_Exercise brief_:
Each image should be skipped while the records are restated word for word.
---- Provided data
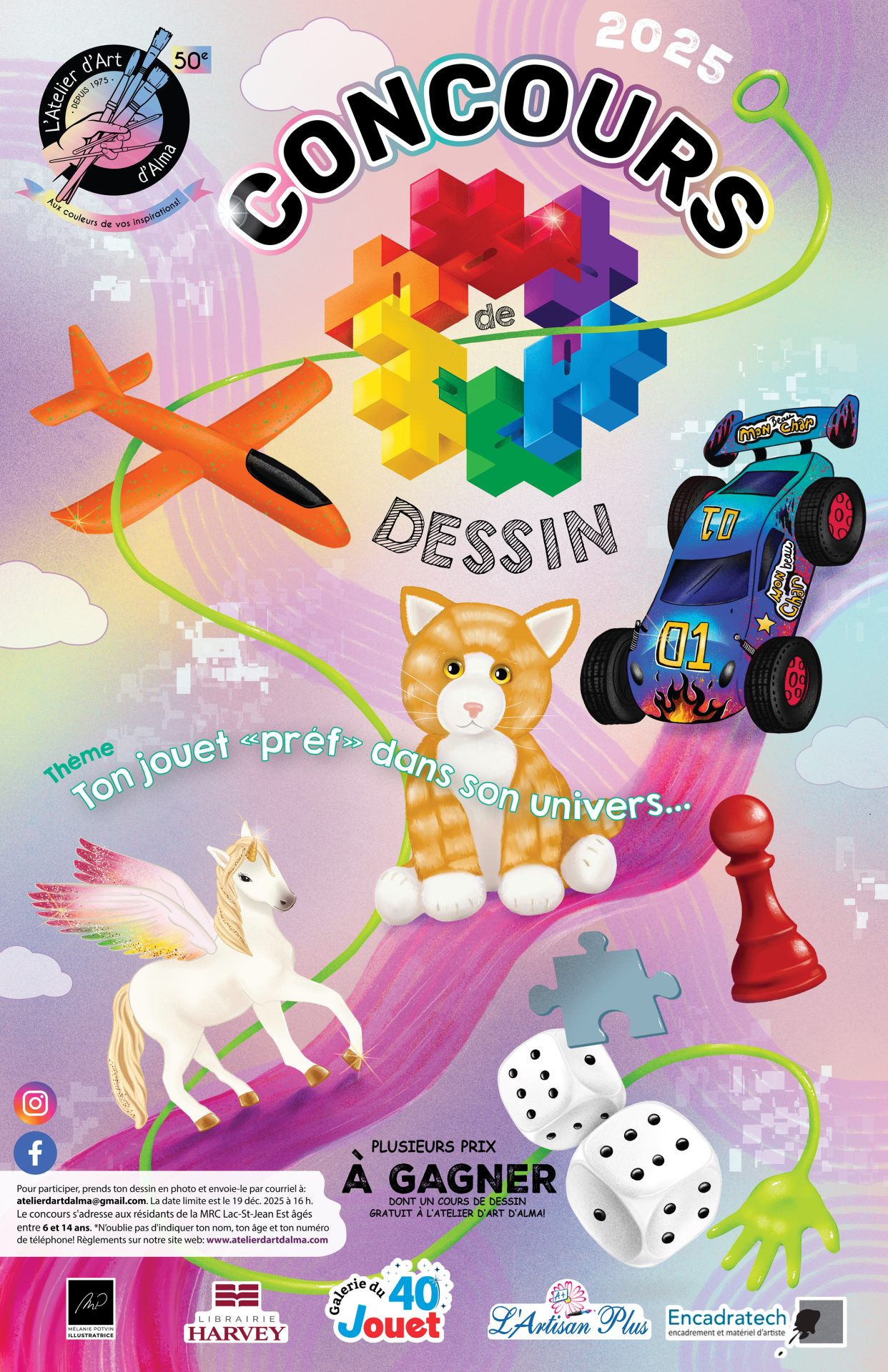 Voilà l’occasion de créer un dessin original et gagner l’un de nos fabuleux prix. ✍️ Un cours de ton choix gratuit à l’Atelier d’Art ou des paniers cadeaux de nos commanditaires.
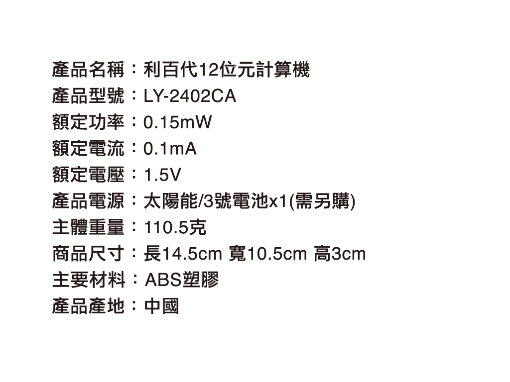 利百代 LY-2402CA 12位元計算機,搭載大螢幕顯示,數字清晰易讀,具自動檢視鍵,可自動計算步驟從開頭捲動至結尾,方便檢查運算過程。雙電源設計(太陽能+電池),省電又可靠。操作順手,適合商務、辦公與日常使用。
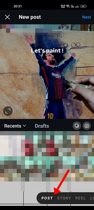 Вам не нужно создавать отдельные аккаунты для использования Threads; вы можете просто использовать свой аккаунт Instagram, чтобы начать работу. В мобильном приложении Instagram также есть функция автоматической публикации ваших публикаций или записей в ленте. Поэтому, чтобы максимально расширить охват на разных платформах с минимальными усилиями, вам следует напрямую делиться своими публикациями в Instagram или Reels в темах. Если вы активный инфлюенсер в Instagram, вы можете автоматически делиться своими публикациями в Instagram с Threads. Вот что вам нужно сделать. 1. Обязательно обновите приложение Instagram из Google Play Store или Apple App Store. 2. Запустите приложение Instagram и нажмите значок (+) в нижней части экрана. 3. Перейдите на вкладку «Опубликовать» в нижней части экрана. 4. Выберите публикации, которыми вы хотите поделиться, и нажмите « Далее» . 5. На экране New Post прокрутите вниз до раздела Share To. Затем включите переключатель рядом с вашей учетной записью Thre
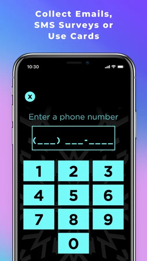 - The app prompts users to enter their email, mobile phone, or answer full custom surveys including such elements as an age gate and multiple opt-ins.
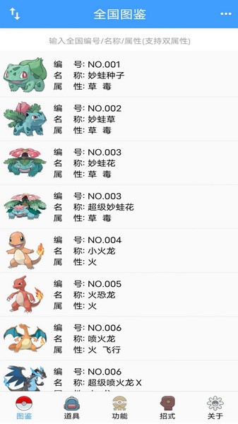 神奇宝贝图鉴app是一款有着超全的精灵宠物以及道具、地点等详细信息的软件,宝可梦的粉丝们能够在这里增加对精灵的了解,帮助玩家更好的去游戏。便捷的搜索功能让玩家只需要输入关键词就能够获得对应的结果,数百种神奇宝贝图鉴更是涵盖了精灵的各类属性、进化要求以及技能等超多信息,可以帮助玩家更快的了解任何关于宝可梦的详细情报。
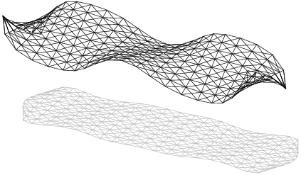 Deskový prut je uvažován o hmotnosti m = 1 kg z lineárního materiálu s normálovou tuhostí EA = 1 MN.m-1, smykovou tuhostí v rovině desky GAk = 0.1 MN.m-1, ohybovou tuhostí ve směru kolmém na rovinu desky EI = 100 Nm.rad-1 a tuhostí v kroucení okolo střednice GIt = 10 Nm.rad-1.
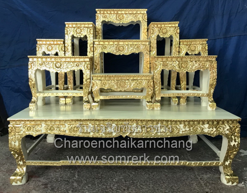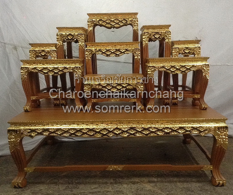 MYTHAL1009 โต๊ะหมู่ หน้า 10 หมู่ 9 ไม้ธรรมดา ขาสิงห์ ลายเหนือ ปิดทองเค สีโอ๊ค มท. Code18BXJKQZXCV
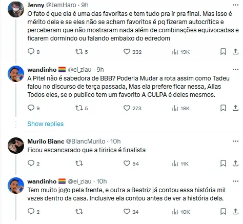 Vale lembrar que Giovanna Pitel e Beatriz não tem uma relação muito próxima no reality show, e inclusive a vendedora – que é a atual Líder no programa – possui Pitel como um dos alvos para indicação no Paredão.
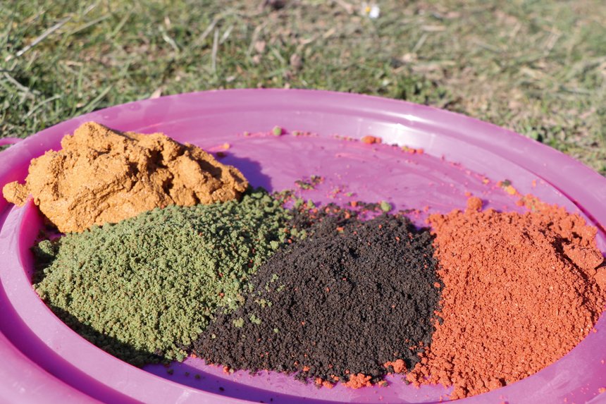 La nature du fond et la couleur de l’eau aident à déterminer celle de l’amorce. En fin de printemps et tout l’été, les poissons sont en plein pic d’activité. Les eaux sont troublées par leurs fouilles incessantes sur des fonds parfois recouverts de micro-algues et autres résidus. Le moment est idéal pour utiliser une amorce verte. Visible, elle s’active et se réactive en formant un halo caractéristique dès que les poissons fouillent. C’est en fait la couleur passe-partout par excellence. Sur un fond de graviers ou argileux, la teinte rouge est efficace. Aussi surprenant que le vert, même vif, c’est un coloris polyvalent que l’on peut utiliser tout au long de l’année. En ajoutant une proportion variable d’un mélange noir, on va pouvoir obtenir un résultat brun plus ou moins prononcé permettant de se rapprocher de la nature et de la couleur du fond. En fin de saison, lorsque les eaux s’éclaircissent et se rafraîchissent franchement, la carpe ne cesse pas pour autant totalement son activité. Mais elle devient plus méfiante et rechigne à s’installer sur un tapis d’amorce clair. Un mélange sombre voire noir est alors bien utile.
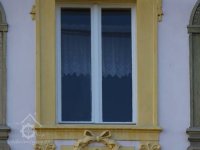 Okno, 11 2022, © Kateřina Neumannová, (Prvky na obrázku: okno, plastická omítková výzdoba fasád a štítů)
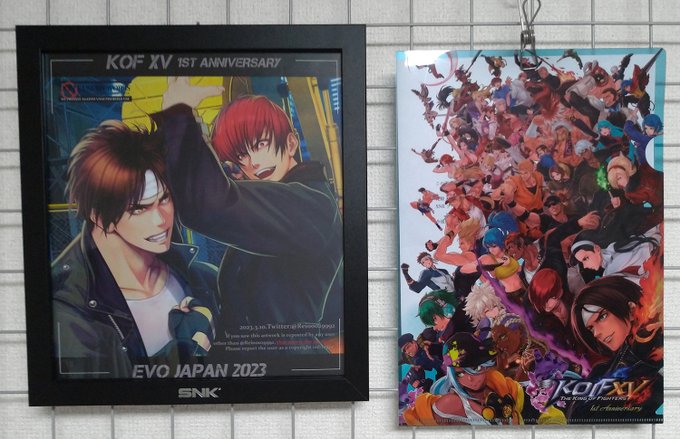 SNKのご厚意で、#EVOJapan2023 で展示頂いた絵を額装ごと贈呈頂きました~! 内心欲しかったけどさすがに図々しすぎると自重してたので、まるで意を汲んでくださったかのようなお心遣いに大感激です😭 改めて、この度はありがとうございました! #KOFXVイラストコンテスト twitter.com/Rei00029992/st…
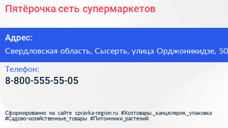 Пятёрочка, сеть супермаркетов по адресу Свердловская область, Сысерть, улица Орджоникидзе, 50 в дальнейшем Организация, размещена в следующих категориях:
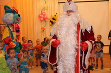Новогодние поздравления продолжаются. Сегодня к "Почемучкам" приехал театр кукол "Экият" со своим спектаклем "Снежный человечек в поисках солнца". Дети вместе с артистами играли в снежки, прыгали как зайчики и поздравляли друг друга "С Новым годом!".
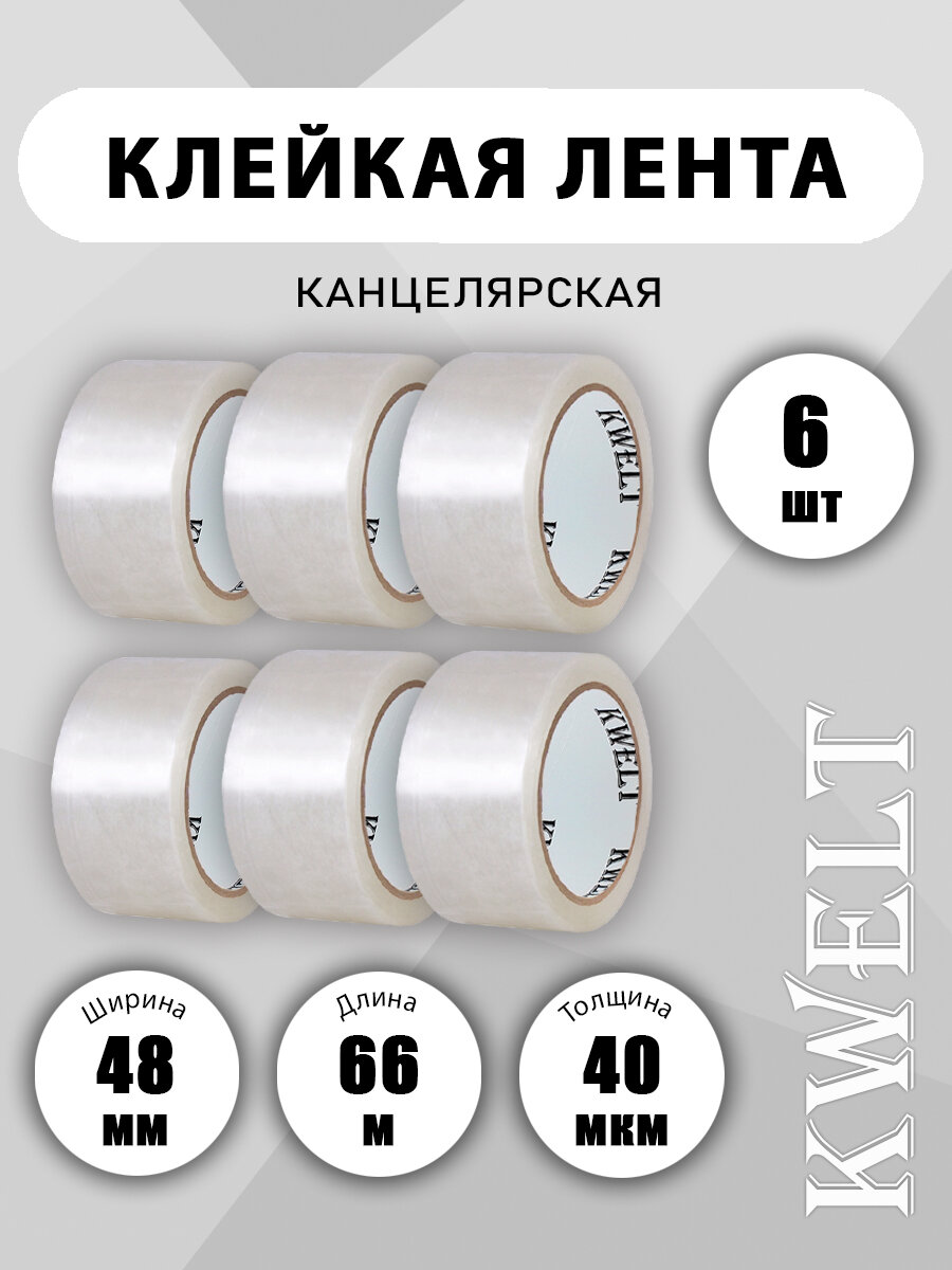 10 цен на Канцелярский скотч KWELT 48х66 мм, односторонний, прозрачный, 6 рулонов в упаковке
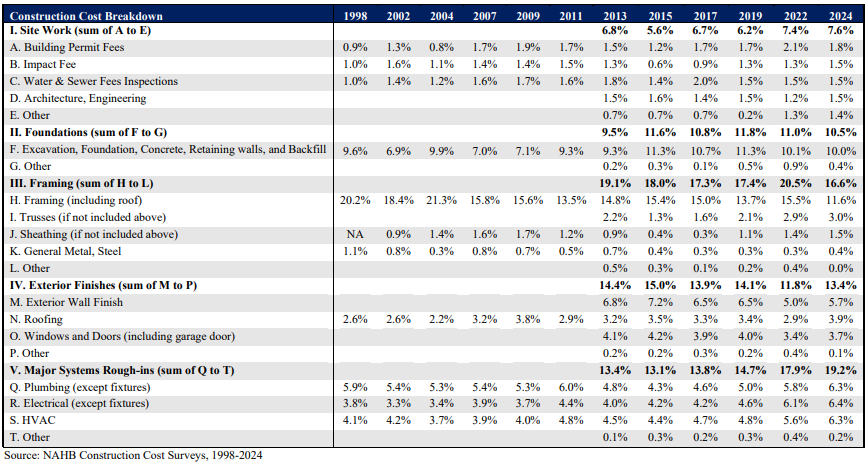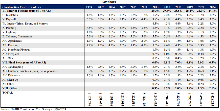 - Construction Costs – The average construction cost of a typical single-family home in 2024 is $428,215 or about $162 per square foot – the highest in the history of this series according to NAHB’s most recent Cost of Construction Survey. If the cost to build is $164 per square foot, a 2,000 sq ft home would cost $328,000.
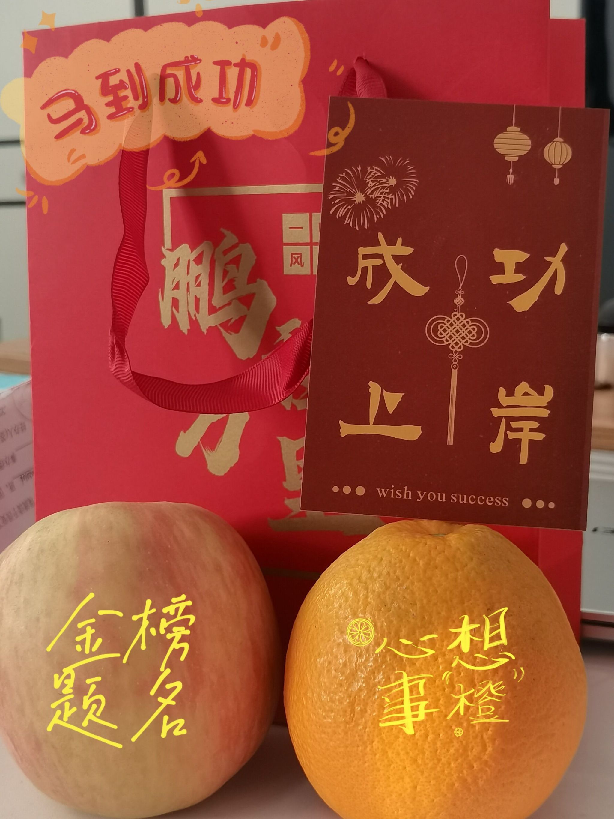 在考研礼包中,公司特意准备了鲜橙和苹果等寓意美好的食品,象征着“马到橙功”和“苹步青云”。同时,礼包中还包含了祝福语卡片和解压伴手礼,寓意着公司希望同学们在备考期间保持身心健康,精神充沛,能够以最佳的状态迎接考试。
--------
_Finished exercise_:
 Voilà l’occasion de créer un dessin original et gagner l’un de nos fabuleux prix. ✍️ Un cours de ton choix gratuit à l’Atelier d’Art ou des paniers cadeaux de nos commanditaires.
 利百代 LY-2402CA 12位元計算機,搭載大螢幕顯示,數字清晰易讀,具自動檢視鍵,可自動計算步驟從開頭捲動至結尾,方便檢查運算過程。雙電源設計(太陽能+電池),省電又可靠。操作順手,適合商務、辦公與日常使用。
 Вам не нужно создавать отдельные аккаунты для использования Threads; вы можете просто использовать свой аккаунт Instagram, чтобы начать работу. В мобильном приложении Instagram также есть функция автоматической публикации ваших публикаций или записей в ленте. Поэтому, чтобы максимально расширить охват на разных платформах с минимальными усилиями, вам следует напрямую делиться своими публикациями в Instagram или Reels в темах. Если вы активный инфлюенсер в Instagram, вы можете автоматически делиться своими публикациями в Instagram с Threads. Вот что вам нужно сделать. 1. Обязательно обновите приложение Instagram из Google Play Store или Apple App Store. 2. Запустите приложение Instagram и нажмите значок (+) в нижней части экрана. 3. Перейдите на вкладку «Опубликовать» в нижней части экрана. 4. Выберите публикации, которыми вы хотите поделиться, и нажмите « Далее» . 5. На экране New Post прокрутите вниз до раздела Share To. Затем включите переключатель рядом с вашей учетной записью Thre
 - The app prompts users to enter their email, mobile phone, or answer full custom surveys including such elements as an age gate and multiple opt-ins.
 神奇宝贝图鉴app是一款有着超全的精灵宠物以及道具、地点等详细信息的软件,宝可梦的粉丝们能够在这里增加对精灵的了解,帮助玩家更好的去游戏。便捷的搜索功能让玩家只需要输入关键词就能够获得对应的结果,数百种神奇宝贝图鉴更是涵盖了精灵的各类属性、进化要求以及技能等超多信息,可以帮助玩家更快的了解任何关于宝可梦的详细情报。
 Deskový prut je uvažován o hmotnosti m = 1 kg z lineárního materiálu s normálovou tuhostí EA = 1 MN.m-1, smykovou tuhostí v rovině desky GAk = 0.1 MN.m-1, ohybovou tuhostí ve směru kolmém na rovinu desky EI = 100 Nm.rad-1 a tuhostí v kroucení okolo střednice GIt = 10 Nm.rad-1.
 MYTHAL1009 โต๊ะหมู่ หน้า 10 หมู่ 9 ไม้ธรรมดา ขาสิงห์ ลายเหนือ ปิดทองเค สีโอ๊ค มท. Code18BXJKQZXCV
 Vale lembrar que Giovanna Pitel e Beatriz não tem uma relação muito próxima no reality show, e inclusive a vendedora – que é a atual Líder no programa – possui Pitel como um dos alvos para indicação no Paredão.
 La nature du fond et la couleur de l’eau aident à déterminer celle de l’amorce. En fin de printemps et tout l’été, les poissons sont en plein pic d’activité. Les eaux sont troublées par leurs fouilles incessantes sur des fonds parfois recouverts de micro-algues et autres résidus. Le moment est idéal pour utiliser une amorce verte. Visible, elle s’active et se réactive en formant un halo caractéristique dès que les poissons fouillent. C’est en fait la couleur passe-partout par excellence. Sur un fond de graviers ou argileux, la teinte rouge est efficace. Aussi surprenant que le vert, même vif, c’est un coloris polyvalent que l’on peut utiliser tout au long de l’année. En ajoutant une proportion variable d’un mélange noir, on va pouvoir obtenir un résultat brun plus ou moins prononcé permettant de se rapprocher de la nature et de la couleur du fond. En fin de saison, lorsque les eaux s’éclaircissent et se rafraîchissent franchement, la carpe ne cesse pas pour autant totalement son activité. Mais elle devient plus méfiante et rechigne à s’installer sur un tapis d’amorce clair. Un mélange sombre voire noir est alors bien utile.
 Okno, 11 2022, © Kateřina Neumannová, (Prvky na obrázku: okno, plastická omítková výzdoba fasád a štítů)
 SNKのご厚意で、#EVOJapan2023 で展示頂いた絵を額装ごと贈呈頂きました~! 内心欲しかったけどさすがに図々しすぎると自重してたので、まるで意を汲んでくださったかのようなお心遣いに大感激です😭 改めて、この度はありがとうございました! #KOFXVイラストコンテスト twitter.com/Rei00029992/st…
 Пятёрочка, сеть супермаркетов по адресу Свердловская область, Сысерть, улица Орджоникидзе, 50 в дальнейшем Организация, размещена в следующих категориях:
Новогодние поздравления продолжаются. Сегодня к "Почемучкам" приехал театр кукол "Экият" со своим спектаклем "Снежный человечек в поисках солнца". Дети вместе с артистами играли в снежки, прыгали как зайчики и поздравляли друг друга "С Новым годом!".
 10 цен на Канцелярский скотч KWELT 48х66 мм, односторонний, прозрачный, 6 рулонов в упаковке
 - Construction Costs – The average construction cost of a typical single-family home in 2024 is $428,215 or about $162 per square foot – the highest in the history of this series according to NAHB’s most recent Cost of Construction Survey. If the cost to build is $164 per square foot, a 2,000 sq ft home would cost $328,000.
 在考研礼包中,公司特意准备了鲜橙和苹果等寓意美好的食品,象征着“马到橙功”和“苹步青云”。同时,礼包中还包含了祝福语卡片和解压伴手礼,寓意着公司希望同学们在备考期间保持身心健康,精神充沛,能够以最佳的状态迎接考试。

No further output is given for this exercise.